Are there any recommendations for policy or planning arising from the research? This would be particularly valuable with regards to future planning for public health emergencies. The following recommendations have been added in based on our study and also from reviewing the literature around public health messaging in emergency situations:

- Tailoring specific information to groups / audiences

- Engagement of community leaders

- Rectifying any miscommunications early

- Medical professionals being a trusted source

Table 1: It’s not clear why you would expect there to be a difference between those who completed the questionnaire only, interview only or both. I think this should be collapsed into one column and this table brought into the main text.

The purpose of the table was to delineate that there was no difference. However, on reflection we have realised this may be confusing for readers and given we have the separate table of caregivers who participated in the interview the reader should be able to infer there is no difference between the two groups and so we have acted on your suggestion.

Table 2: As mentioned previously, the source of this historical data needs to be included in the methods The source of the historical data has been identified as contacting the Business Analysis Team and we have outlined this is not available to the public.

Table 3: As with table 1, it’s not clear why you would expect there to be a difference between the two groups. As a result, I don’t think Table 3 is needed at all and would recommend removing. As outlined previously the idea of including the results was to show no difference between the groups. We have decided to keep the data to support the findings reported in the main manuscript but agree it should remain in the Supplementary File.

Reviewer 2 comment Author’s response and revisions (line numbers according to clean copy)

1. To start, a general comment of editing. This paper needs to be proofread, as there are several grammatical errors in the paper. Please attend to this. We have proofread the paper.

2. The abstract reads well, but the conclusion is vague (also in the paper). Please clarify what the take-home message is of the paper and what we can learn from the your findings. What should policy-makers, health workers or parents do differently? We have revised the Conclusion section of the Abstract on page 3 and the Conclusion section in the main text on page 39 to better communicate our recommendations. However, the purpose of this manuscript is to report findings and it is beyond the scope of this study to dictate specific messages tailored to different groups to improve care seeking. The suggestions we do make are grounded in the data- for instance, that caregivers should not delay care seeking, emphasising the safety of hospital spaces in terms of SARS-COV-2 transmission.

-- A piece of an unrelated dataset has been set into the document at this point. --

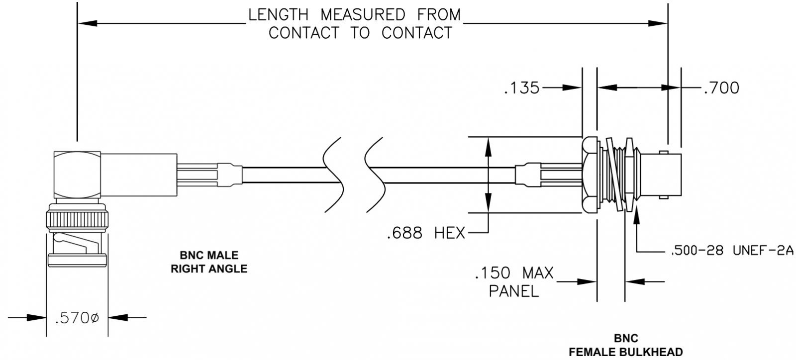 כבל קואקסיאלי - BNC (M-R/A) ~ BNC (F-B/H) - RG178 - 15M

3. The introduction is well-written, but some of the studies mentioned in the background do not show a significant delay in seeking care for children. This does not reinforce your objectives of doing this study. Is there anything else in the examples you can highlight that are of interest to your study? This links to my concerns about the overall objectives of the study, as the background does not stress the concerns at length, and therefore, you need to reinforce your argument with using other examples. For instance, what were the qualitative outcomes in reference 26? And how are these different or similar to your work?

We have added references indicating significant declines in global settings including Germany [8], Ireland [9] and Greece [10]. We have included the studies that do not show significant delays to emphasise that the picture remains mixed and context-specific which highlights why our study is needed for this specific population.

We agree that including some more information on the qualitative outcomes from the Watson et al. 2021 paper [now reference 29] would be helpful, so we have this in the Introduction. We have reflected on our findings compared with Watson’s paper the Discussion.

4. The methods are well-described, but I was wondering why data collection was only conducted during office hours and during the week? Maybe parents coming in the weekend or evening might have delayed attending the emergency room for different reasons or waited longer? We have referenced that this was a limitation to our study in the limitations section.

Historically research has only been conducted in hours 9-5 at Lewisham and Greenwich NHS trust in the paediatric department due to the contractual obligations of the research team. Whilst this research was conducted voluntarily, by those involved in data collection, for uniformity and in line with previous studies the recruitment occurred during ‘office-hours’.

I am also curious to read more about the questions asked in the interview, you only mention information provision as a topic, which seems limited.

I would also like to read which emerging themes derived during the data analysis process.

I would also add the specifics of the participants and the length of the interviews to the methods, instead of the findings.

Also, the interviews were really short, was this time sufficient for the researchers? And why, or why not? The interview topic guide which lists the questions asked during the interviews is provided in the Supplementary Information (Item 2).

The themes which emerged from the data analysis are those which are presented as headings and described in the Results section of the manuscript, also, an overview of these are depicted in Figure 1.

Thank you for the suggestion of moving this table to the methods. After some deliberation we decided to keep the participant characteristics and nature of interviews (including length) in the Results section to be consistent with the presentation with the quantitative findings. We feel that this best supports the narrative and flow of the paper.

The interviews ranged from 10-45 minutes. As the interviews were conducted in a busy Paediatric A&E department whilst participants’ children were waiting or in between receiving emergency care, the length of time that participants were willing to participate in an interview varied and may have been a shorter length than if they were interviewed at a less urgent time. Despite this, as the richness and range of the results illustrate, valuable findings emerged from the interview data.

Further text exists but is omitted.